A very topical subject these days, in biotech circles, is research and development of antiviral breakthrough therapies, treatments and technologies. And that’s precisely where Cocrystal Pharma, Inc., (COCP) has its strength. Its antiviral therapeutics are designed to destroy and disrupt the replication capabilities of influenza viruses, the SARS-CoV-2 virus, hepatitis C viruses and noroviruses. 

Unlike many of its peers, COCP is well regarded by other global biotech players, including Merck Sharp & Dohme Corp., Kansas State University Research Foundation and HitGen and InterX Inc., all of whom have collaboration and/or license agreements with the company. 

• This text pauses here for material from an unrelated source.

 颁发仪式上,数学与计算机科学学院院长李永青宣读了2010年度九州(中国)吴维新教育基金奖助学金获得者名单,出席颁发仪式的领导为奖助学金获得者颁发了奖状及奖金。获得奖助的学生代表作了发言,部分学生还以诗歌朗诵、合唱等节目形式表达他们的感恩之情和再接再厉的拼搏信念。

Patient biotech stock investors recently saw the company’s stock gain nearly a full percentage point in price appreciation. The company also closed 2020 with $33.1 million in hand, and a significantly reduced loss per share (down from $1.51 to $0.17).   

Biotech - No Time Like Now 

The ongoing COVID pandemic has hit many sectors of the economy, delivering huge investment losses to many portfolios.  However, due to the timely and topical nature of the products and services it offers (in the vaccine and antiviral therapies and treatment sphere), the biotech sector remains strong. It not only continues to survive, but over the long haul has thrived relative to other traditional safe-haven sectors.

If you don’t already have exposure to the sector, now is a great time to add biotech to your portfolio. And the three names discussed above would make the perfect start to gain exposure to the sector. Over the past year, a basket of these three stocks has returned an impressive average price appreciation of more than 266%. 

Worried that one of your picks has shown a decline in price? Don’t be! If you are a long-term investor, you’ll realize that these spikes (ups and downs) in price movements happen, even with stocks in some of the traditional “solid” sectors. The great thing about biotech is that just a hint of good news about the stock – a successful clinical trial, a new licensing agreement, or impending regulatory approval - can instantly help propel the stock price up.